— The task —
Should the entries contain pictures, leave them out and return exactly the lines from the first through the line holding "本期场地buff为终结技攻击".
::: Data records
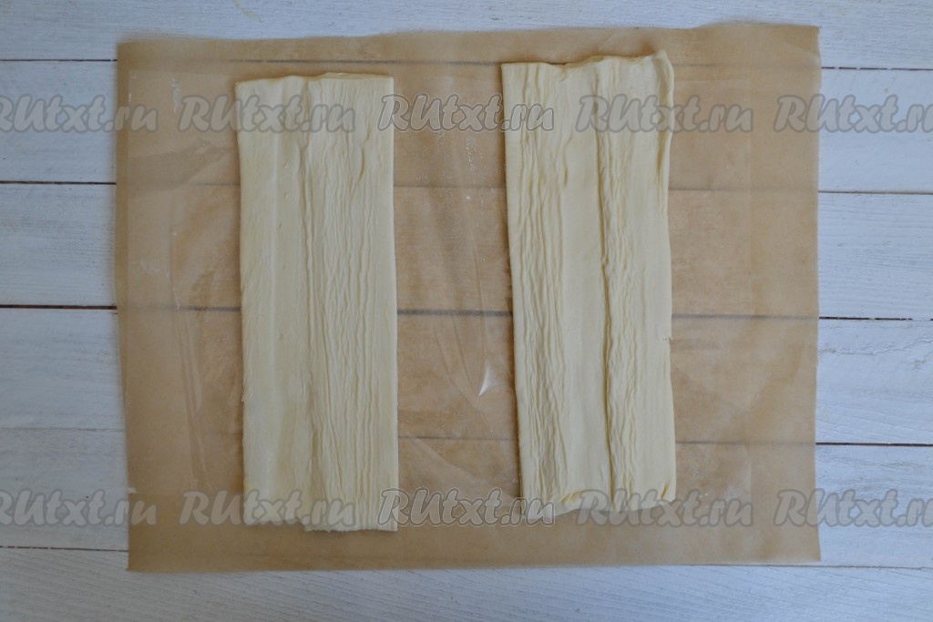 Замороженное слоеное тесто разморозить. И лучше это делать в холодильнике, оставив его там на ночь. Если нет времени ждать, можно разморозить покупное тесто в микроволновке на режиме "Разморозка". Аккуратно развернуть уже размороженное тесто на пергаменте и разрезать вдоль на полоски шириной, примерно, 8-10 см.
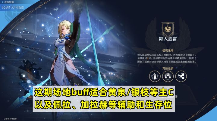 本期场地buff为终结技攻击敌方时,为目标附上【爆裂】效果,最多叠加6层。目标回合开始以及被消灭时,造成固定数值的扩散伤害。虽然伤害不算特别高,但用来清杂补刀相当好用。适配角色方面,除了像黄泉、银枝等主打终结技输出的主C外,终结技能攻击全部敌人的辅助和生存位同样很适配,包括但不限于佩拉、加拉赫、存护三月七、罗刹等等。
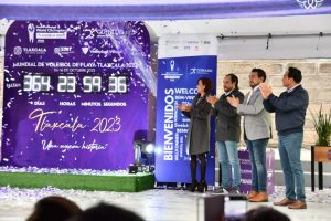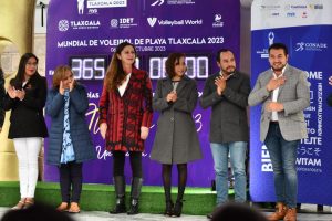 Huamantla, Tlax.- El presidente municipal de Huamantla, Salvador Santos Cedillo, participó en la ceremonia de encendido del reloj con la cuenta regresiva de 365 días para el inicio del Mundial de Voleibol de Playa Tlaxcala 2023.
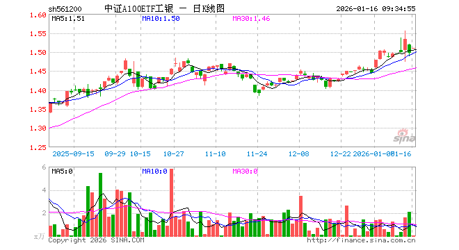 1月16日,中证A100ETF工银(561200)开盘涨0.80%,报1.509元。中证A100ETF工银(561200)重仓股方面,宁德时代开盘涨1.20%,贵州茅台涨0.44%,中国平安涨0.28%,招商银行涨1.00%,紫金矿业涨0.18%,美的集团涨0.04%,中际旭创涨1.75%,寒武纪涨0.35%,长江电力涨0.22%,兴业银行涨0.44%。
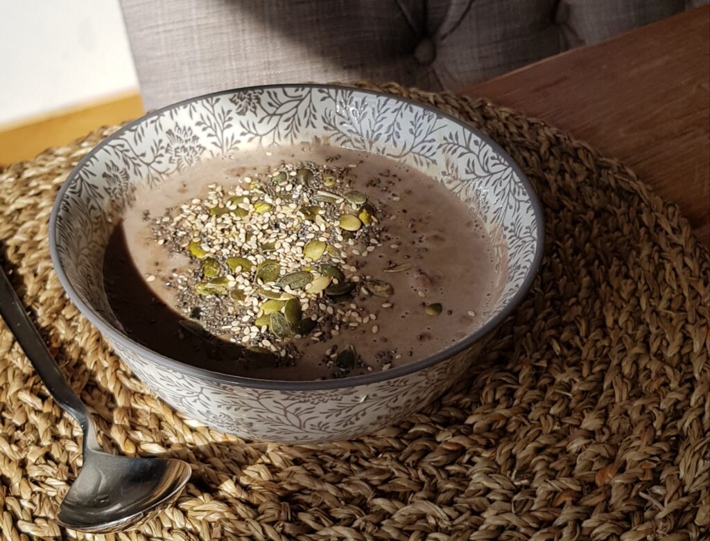 Begin de dag met een lekkere vezelrijke en voedzame pap van 370 kcal. Door de vele eiwitten en vezels geeft deze pap je voor lange tijd een gevuld gevoel.
::::::
— Problem solution —
 Замороженное слоеное тесто разморозить. И лучше это делать в холодильнике, оставив его там на ночь. Если нет времени ждать, можно разморозить покупное тесто в микроволновке на режиме "Разморозка". Аккуратно развернуть уже размороженное тесто на пергаменте и разрезать вдоль на полоски шириной, примерно, 8-10 см.
 本期场地buff为终结技攻击敌方时,为目标附上【爆裂】效果,最多叠加6层。目标回合开始以及被消灭时,造成固定数值的扩散伤害。虽然伤害不算特别高,但用来清杂补刀相当好用。适配角色方面,除了像黄泉、银枝等主打终结技输出的主C外,终结技能攻击全部敌人的辅助和生存位同样很适配,包括但不限于佩拉、加拉赫、存护三月七、罗刹等等。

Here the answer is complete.